Yerel müziklerin halkları tanımak için önemli bir gösterge olduğunu söylüyordu Ketencoğlu: “Yunanistan coşku ülkesidir. Oysa Epir bölgesinin müziği içedönüktür, blues’u yaratan Mississippi’lilerin ruh halini çağrıştırır. 2004’te gittiğimde, halkının çok az konuşan, içe dönük kişiler olduğunu görmüştüm.”

9 YAŞINDAKİ YOLCULUK

Ketencoğlu ilk uzun yolculuğuna 12 yaşında, babasıyla çıktı. Trenle 51 saatte İzmir’den Gaziantep’e gitti. Bu yolculuğun dünyayı dört duyuyla kavrama
konusunda ufkunu açtığını söylüyor: “İzmir’deki körler okulundan mezun olunca bakanlık bizi Gaziantep’teki yatılı körler okuluna yönlendirdi. Ailem yoksuldu, başka seçeneğimiz yoktu. Trende ilk kez Türkçe’nin farklı şivelerini, Kürtçeyi duydum. Kompartmandakilerin söyledikleri uzunhavalardan çok etkilendim. Üç yıl kaldığım Antep’in sokaklarından yanık kokusunu, tezgahına vurup, bağıran kahke (simit), şerbet satıcılarını hatırlarım. Bir de yanımızdaki Eğitim Enstitüsü’nden gelen silah seslerini. 12 Eylül öncesiydi. Sesinden silahların tipini bilirdik.”
İlk yurtdışı gezisi, Boğaziçi Üniversitesi Psikoloji Bölümü’ndeki öğrencilik yıllarının sonuna rastlıyor. Ketencoğlu, 21 yaşında, Danimarka’daki Özürlüler Kampı’na katıldı. Farklı ülkelerin gençleriyle, lezzetleriyle tanıştı. 1990’lardan bu yana dünyayı gezip, konserler veriyor. 10 gezisinden ikisi seyahat amaçlı. Türkiye’de ayak basmadığı çok az şehir var. Kuzey hariç çoğu Avrupa ülkesine gitti. “Belçika’nın Ostend kentini hiç unutamam. Bahardı. Kuzey Denizi’nin alışık olmadığım sert, yosun ağırlıklı kokusu başımı döndürdü, müthiş bir duyguydu, hiç unutamam.” Dünyanın şehirlerden, insanlardan ibaret olmadığını söylüyor. “Gezginliği şehirlerin dışına taşımayı, doğaya çıkıp hayvanlarla temas etmeyi severim. Rajastan’a gittiğimde, bir sabah Ganj kıyısında hayatımdaki en güzel bülbül sesini duydum.

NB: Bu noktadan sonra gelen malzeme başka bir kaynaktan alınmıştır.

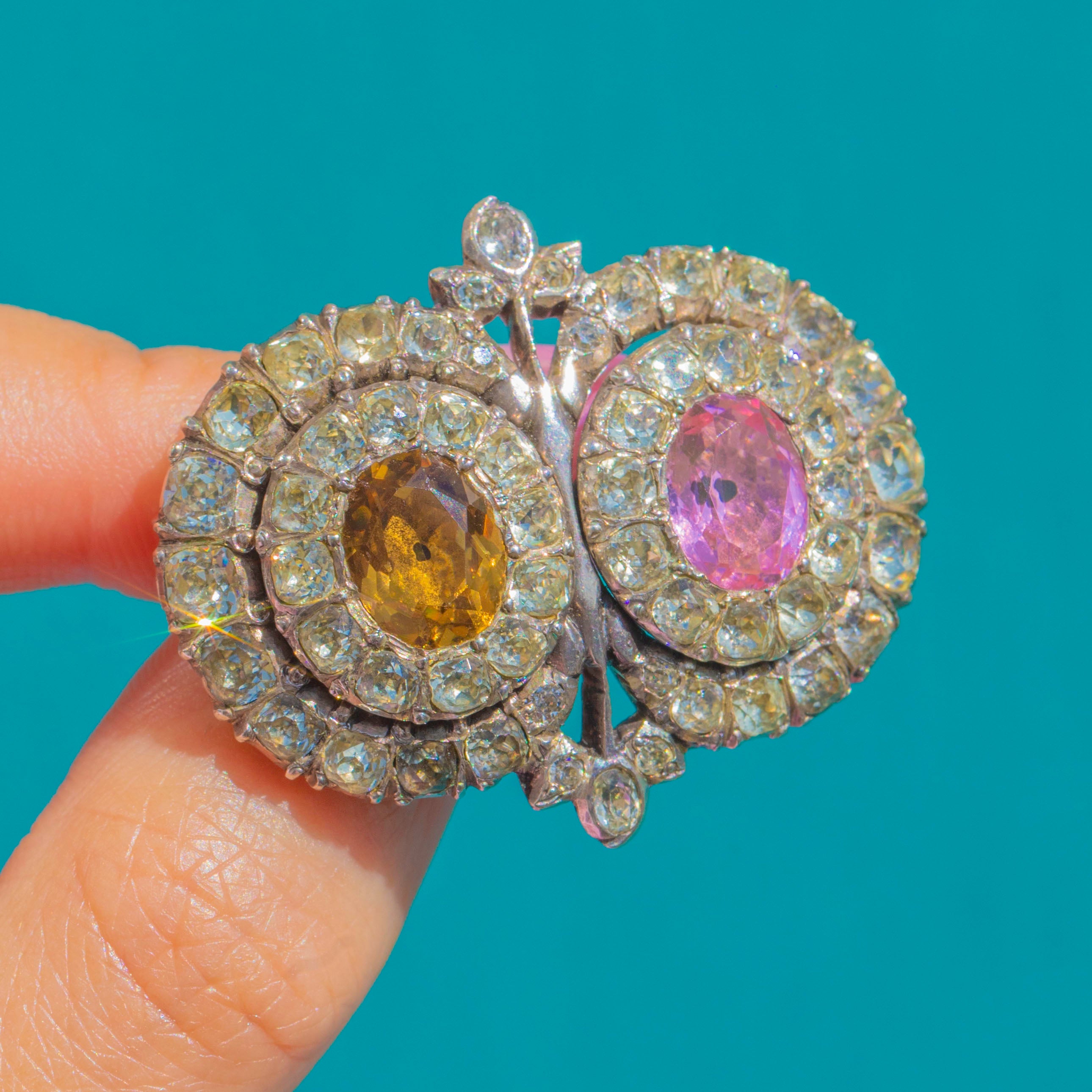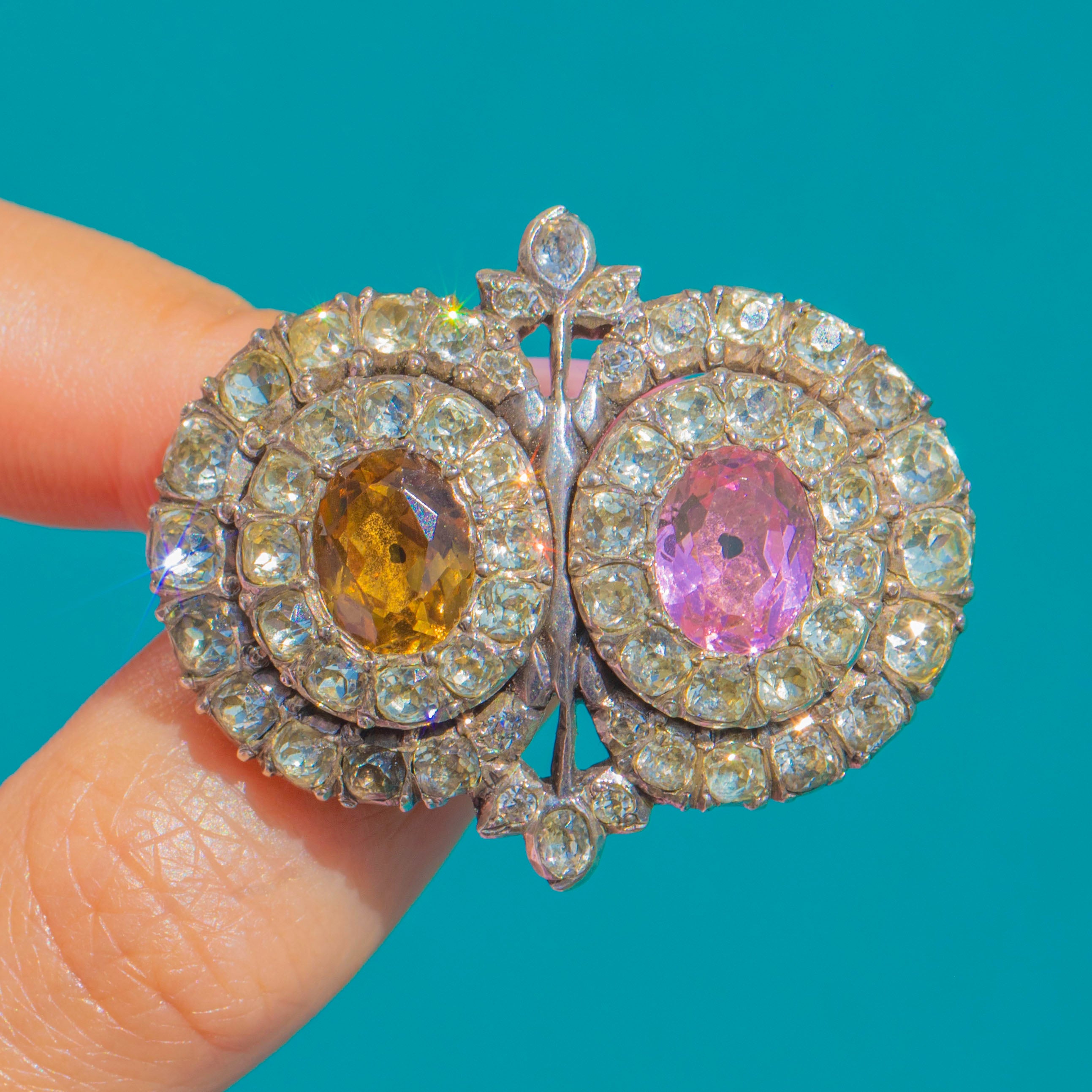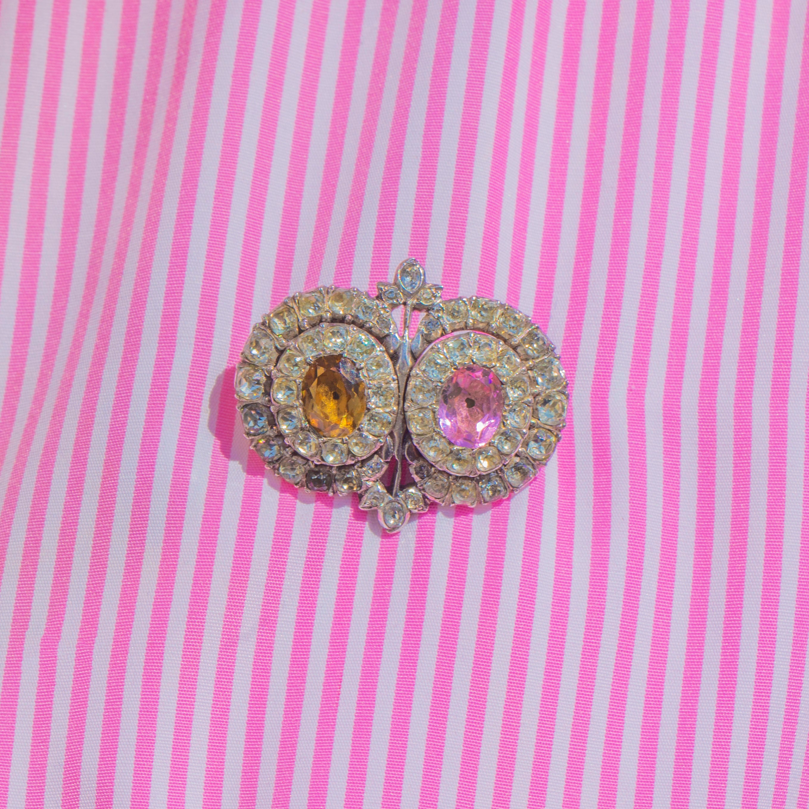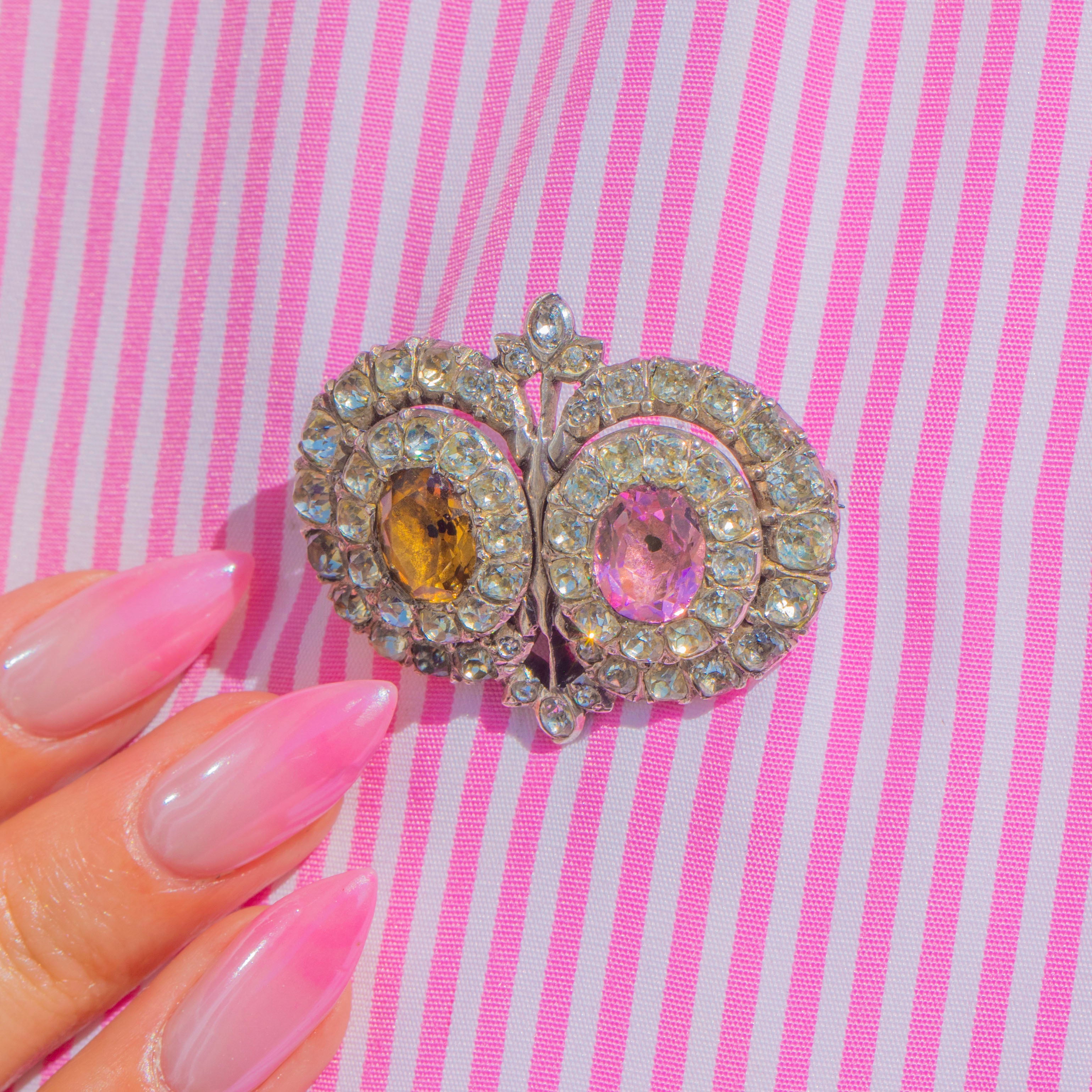 A remarkable Georgian Queen Anne Paste brooch, crafted in lustrous Sterling Silver and aglow with romantic colour. Two oval centre stones in blush pink and maple tones are haloed by shimmering white Paste, arranged in elegant concentric rows that catch the light beautifully. The softly domed Silver backs and refined cluster work create a sweet, floral silhouette with timeless charm.
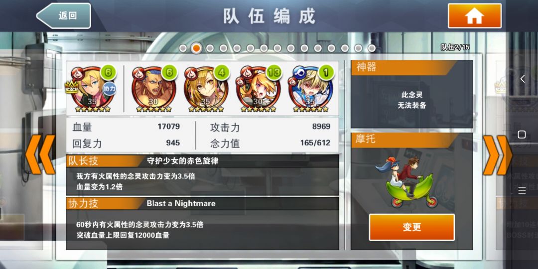 编队如图,红音队长,队员上一号位buff,三号位四号位都是连射,二号位是空余卡位,带跳啊t卡啊或者再来个输出都可以,如果是炎虎buff就是带孤儿。事实上复仇打索尔不太好用(都是彩珠cd长的复仇转不快),索尔防御力很微妙复仇打起来伤害未必有露娜高。,所以如果没有双三技+露娜的话可以带buff+双炮负责过墙。
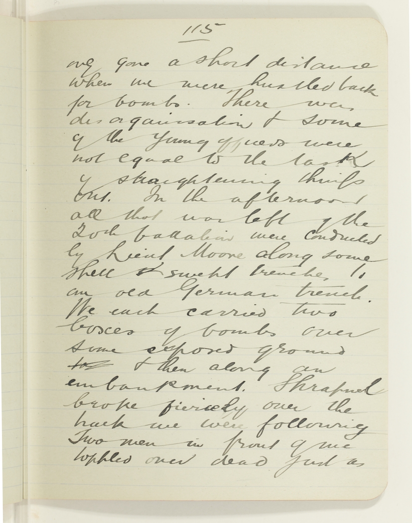 only gone a short distance when we were hustled back for bombs. There was disorganisation & some of the young officers were not equal to the task of straightening things out. In the afternoon all that was left of the 20th battalion were conducted by Lieut Moore along some shell swept trenches to an old German trench. We each carried two boxes of bombs over some exposed ground & then along an embankment. Shrapnel broke fiercely over the track we were following. Two men in front of me toppled over dead just as
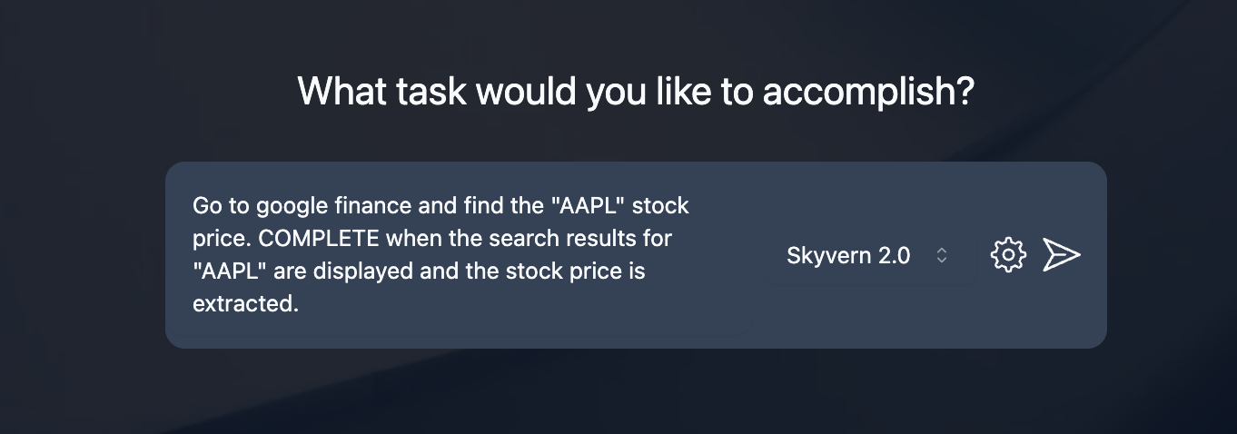 Ask the Skyvern agent to run a task and see it in action! Here are some examples you can try:
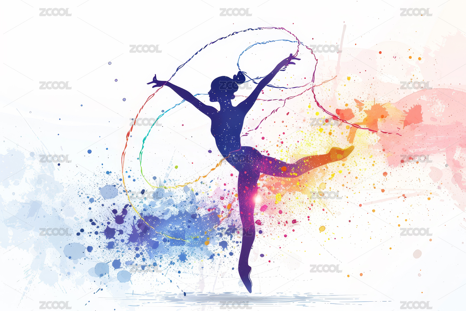 优雅舞者剪影与彩色背景
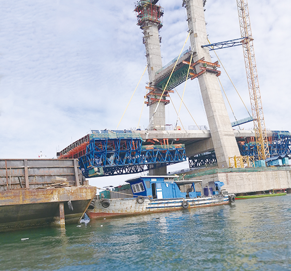 肯達(dá)里斜拉橋位于印尼蘇拉威西省,橋梁全長(zhǎng)474.08m,主跨388m,雙塔高約78.35m,預(yù)應(yīng)力混凝土橋面寬25m,采用雙向雙車道公路和兩條人行道。
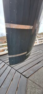Ook hebben ze metalen strips op de fokwiek aangebracht ter plaatse van de schenkels om te zorgen dat er geen planken meer los kunnen raken. Daarnaast hebben ze de uitneembare borden in de andere wieken met schroeven vastgezet om ze extra te zekeren. Met deze ingreep kunnen we veilig de periode overbruggen tot het moment dat het gevlucht gerenoveerd moet worden.
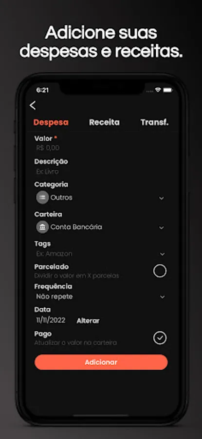 The budget function helps you not to spend more than expected on a specific expense category. For example, you can define spending up to BRL 1,000.00 with the Food category. Also, you can create new categories according to your demand.
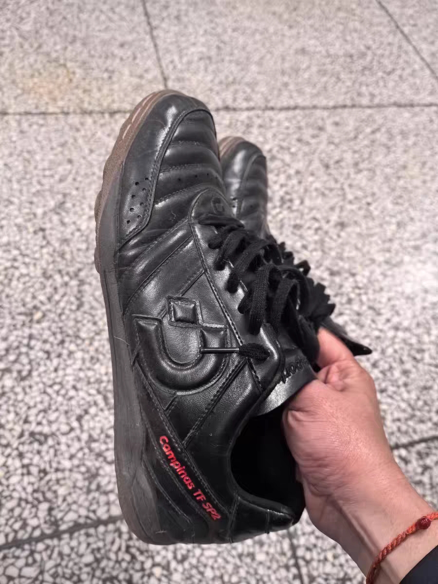 第一,其实最最最老生常谈的问题,而且这个问题我全网几乎没有看到反馈的问题,正是这个问题让我对这鞋彻底死心,决定闲鱼卖掉。那就是前掌正脚背那个小logo压二三脚趾的问题。为什么我全网没看到反馈但还是说老生常谈,因为我闲鱼挂出去这双鞋后就有两个人来找我聊这鞋,说这是体士彪球鞋一直以来的通病,非要画蛇添足搞这个小logo,那个从鞋外侧看是一个压印,但鞋内应该是一个类似刺绣的东西,那个地方里面特别厚,凸出来了一块,穿进去就能明显感受得到,踢半场养身局脚趾就会很痛,如果继续踢,肯定是会磨破皮的。闲鱼上那两位经常穿体士彪的哥们都说拿到这鞋第一时间就是去找修鞋铺,处理那个地方。具体怎么处理他们也不知道,反正挺麻烦,据说是先把鞋舌拆下来,对那个小logo内测进行打磨,再装回鞋舌。我苦于家附近雀食没看见修鞋铺,所以最后还是没能处理。让有能力的哥们拿去发挥他的价值吧。
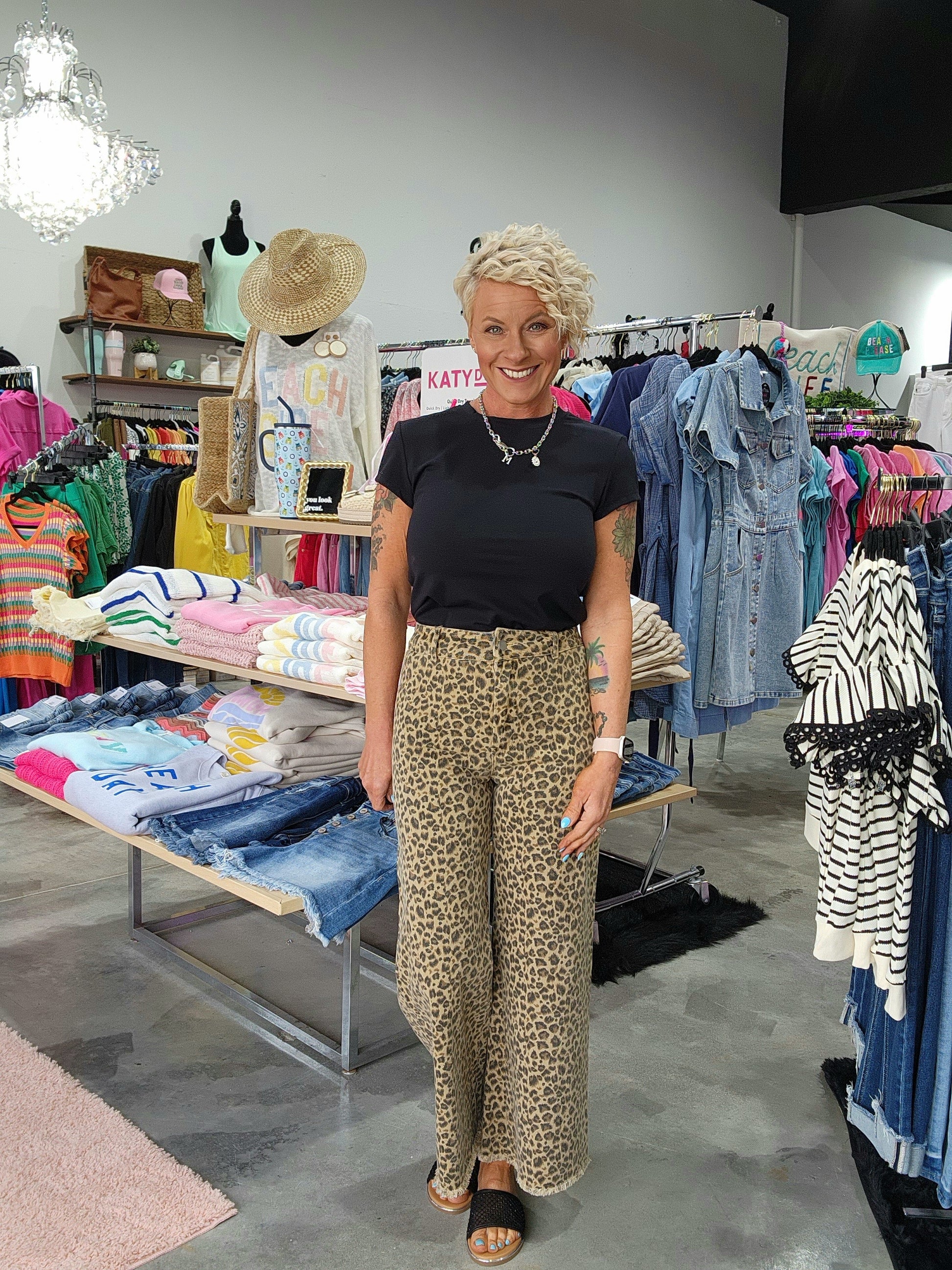 Get wild with our Leopard High Rise Denim Frayed Wide Leg Pants! These statement pants feature a playful leopard print, a comfortable high rise fit, and a trendy frayed hem. Made from twill denim, they offer both style and comfort.

Bazen yaban alanlarında, okyanuslarda yapılmış ses kayıtlarını dinler, zihinsel yolculuklara çıkarım.”
Ketencoğlu’nun gelecekle ilgili gezi hayallerine gelince. “Çok farklı kültüre sahip Çin’e gitmek, sokaklarındaki sesleri duymak istiyorum. Başta Küba olmak üzere, Karayipler’in tropikal adalarını merak ediyorum. Okyanusun sesini, kokusunu, kıyısında olma duygusunu merak ediyorum. Orta Asya steplerinde sonsuzluk duygusunu yaşamak, atlarına dokunmak, hayallerimdekilerle karşılaştırmak istiyorum.”

CUNDA’DA GECEYARISI ŞOKU

İlk beş albümünde Balkan ve Ege ezgilerini seslendiren Ketencoğlu, “Gezgin”de bestelerine yer veriyor. Dinleyicisini, Romanya’da Ege’de gezdirdikten sonra albümün ortasında Ayvalık kıyılarına getiriyor. “Cunda’da Akşamüstü,” hemen yola çıkma hissi verecek kadar etkileyici. Ketencoğlu, “13 yıllık gönül bağımın ürünü” diyor bu eser için. “Konser için gitmiştim ilk kez. Gecenin 2’sinde Ayvalık’tan Cunda’ya geçerken açık pencededen gelen büyülü kokuyla sarsılmıştım. Zeytinliklerin, hayıt ağaçlarının ve denizin kokusuydu bu. Sonraki yıllarda defalarca gittim, ne o saatte Cunda’ya girdim ne de o kokuyu duydum, buna karşın ilk karşılaşmanın sarsıcı etkisi hep sürdü. Beni Cunda’ya bağladı. Sakinliğini, huzurunu, insanların çelebiliğini, kedilerin sevecenliğini, Taşkahve atmosferini özledikçe her fırsatta gittim.”
Ketencoğlu için Cunda bir imgeler denizi. Her ses, koku binbir çağrışımın kapısını aralıyor. “Taş sokaklarda ikindi vakti kumruların sesleri duyulur. Dar sokaklarında yürürken zeytincilerden yükselen yağ, zeytin, sabun kokuları başdöndürücüdür. Bunlara baharda çiçeklenen iğde, gülibrişim, yaseminler katılır. Taşkahve balıkçıların buluşma mekanıdır. Yaşlılar Girit aksanıyla Rumca konuşur. İlk bakışta içedönük, kendilerini ifadede zorlandıkları izlenimi verirler. Oysa birbirleriyle şakalaşırken gerçek kimliklerine bürünürler. Taşkahvede oturur, balıkçıların sohbetlerini, limandan ayrılan, balıktan dönen motorların sesini dinlerim. Kediler sürtünür bacağıma, onları severim.”
Tüm bunların ötesinde, Cunda ikindilerinin farklı bir ruhu olduğunu, bestesinde de bunu öne çıkardığını söylüyor Ketencoğlu: “Cundalılar, Girit’i hiç unutmaz. Karşı adalardan gelenlerle dostlukları güçlüdür. Yunan radyolarından müzik dinlerler. İkindi vakti kıyıdaki bir restorana oturduğunuzda, denizin vahşi kokusunu duyar, martıları dinlersiniz. Sözcüklerle anlatılması güç bir hüzün çöker üzerinize. Ben de bu hüznü müziğe dönüştürdüm.”